Loyalist protesters should ‘use their heads’ and step away from disorder
A DUP MP has urged loyalist protesters to “use their heads’” and step away from situations which may descend into disorder.
Gregory Campbell was speaking after several consecutive nights of violence across Northern Ireland which resulted in 41 police officers injured and 10 arrested.
The cause of the unrest has been attributed to frustration over a decision not to prosecute members of Sinn Fein over alleged coronavirus regulation breaches at the funeral of republican Bobby Storey.
Opposition to the Northern Ireland Protocol and drugs seizures against a dissident faction of the UDA in south east Antrim have also been blamed.
The DUP has called for the resignation of police chief Simon Byrne over the lack of prosecutions.
“If people use their heads and they think ahead and say ‘we’re not going to give people the opportunity to say a chief constable can’t stand down because of the threat of violence’,” Mr Campbell told the BBC.
“That is something that would have a resonance across the community.
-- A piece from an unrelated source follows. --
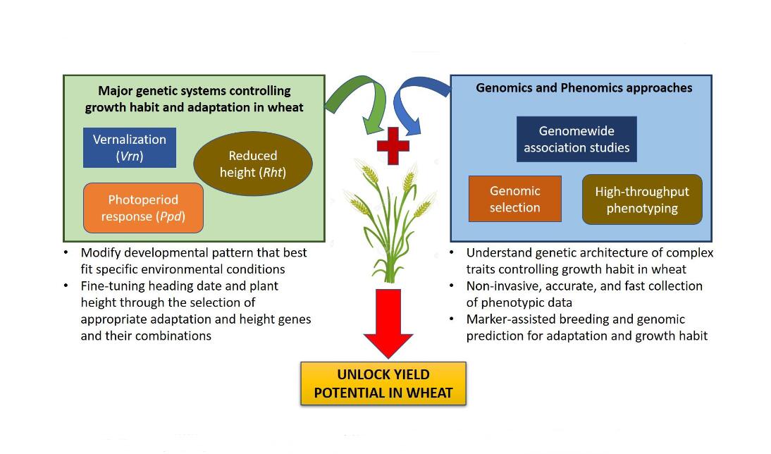 Figure 1. A key to unlocking yield potential in wheat is through understanding the genetic architecture of growth habit and adaptation traits using genomics and phenomics approaches. Selecting the appropriate alleles and their combinations that suit specific growing conditions (e.g., well-watered or drought-stressed environments) would facilitate improvement of yield and yield potential.
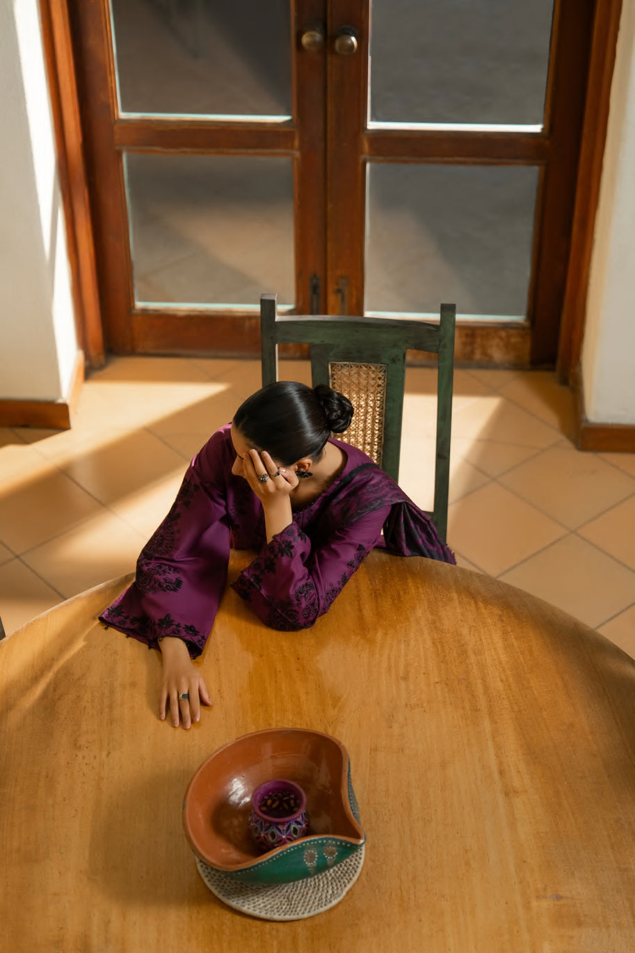 This outfit is a rich plum-toned ensemble that radiates sophistication with its striking contrast embroidery.

Don’t give them that excuse.
“They should think long and hard before taking part in any protests that could eventually result in violence and serious hurt being done to individuals as well as to the wider community they live in.”
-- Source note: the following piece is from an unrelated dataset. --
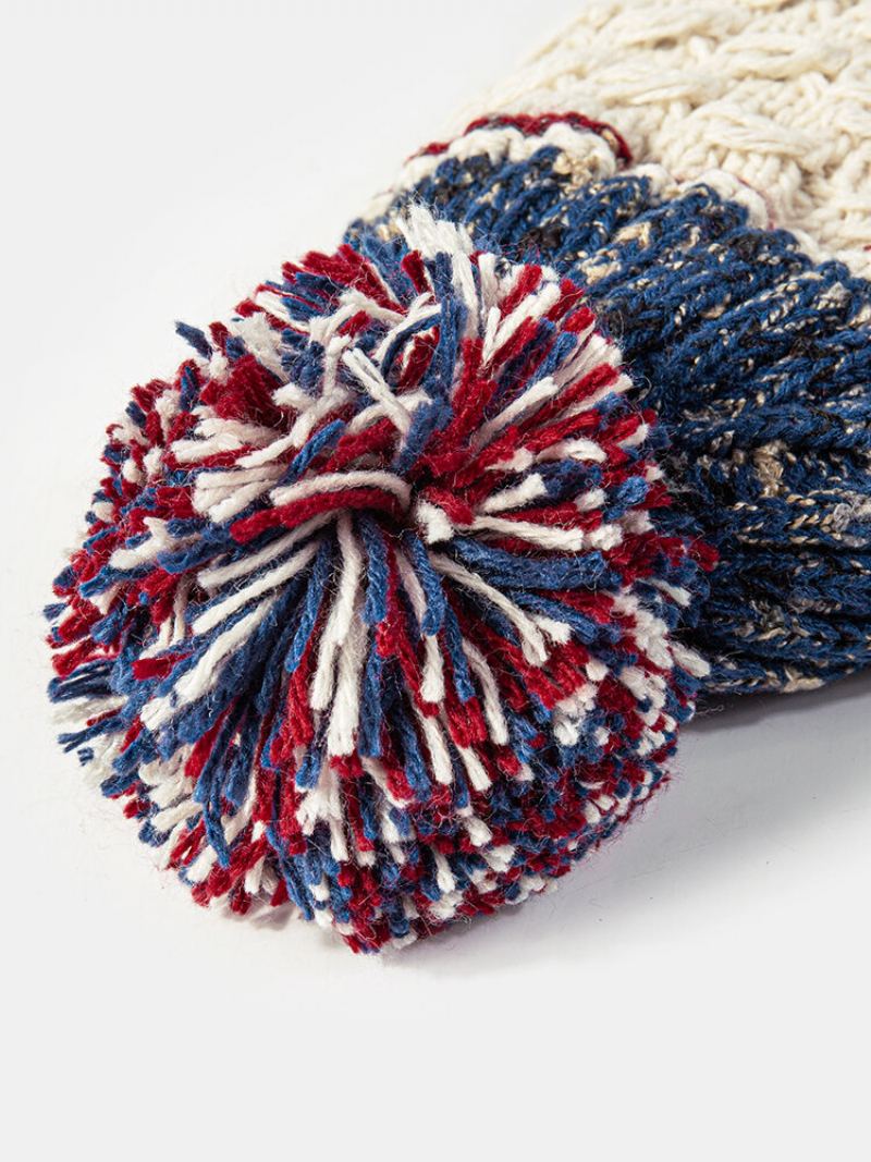 Unisex Smíšené Barvy Pletené Plus Samet Se Zahuštěným Vzorem Twist Kožešina Ball Dekorace Lemování Teplá Čepice Beanie

Mr Byrne briefed the Northern Ireland Policing Board on Wednesday in a private session on the disorder on the streets.
Chairman of the board Doug Garrett called for a “redoubling of efforts to calm tensions” and for continued dialogue between the community and police officers.
“Nothing is achieved without talking, and leadership is needed from all those with influence so that any concerns can be addressed through the democratic structures in place; and through the board mechanisms for policing oversight and accountability,” he said.
The Stormont Assembly is set to be recalled on Thursday morning for an emergency debate following days of violence.
The Police Service of Northern Ireland recommended prosecutions against deputy First Minister Michelle O’Neill and 23 others for alleged breaches of the regulations last year at the funeral of republican Bobby Storey, but the Public Prosecution Service (PPS) announced last week it will not pursue prosecutions.
The PPS pointed to police engagement with the funeral planners as one reason why any prosecution was likely to fail as well as the repeatedly changing and inconsistent nature of Stormont’s coronavirus regulations.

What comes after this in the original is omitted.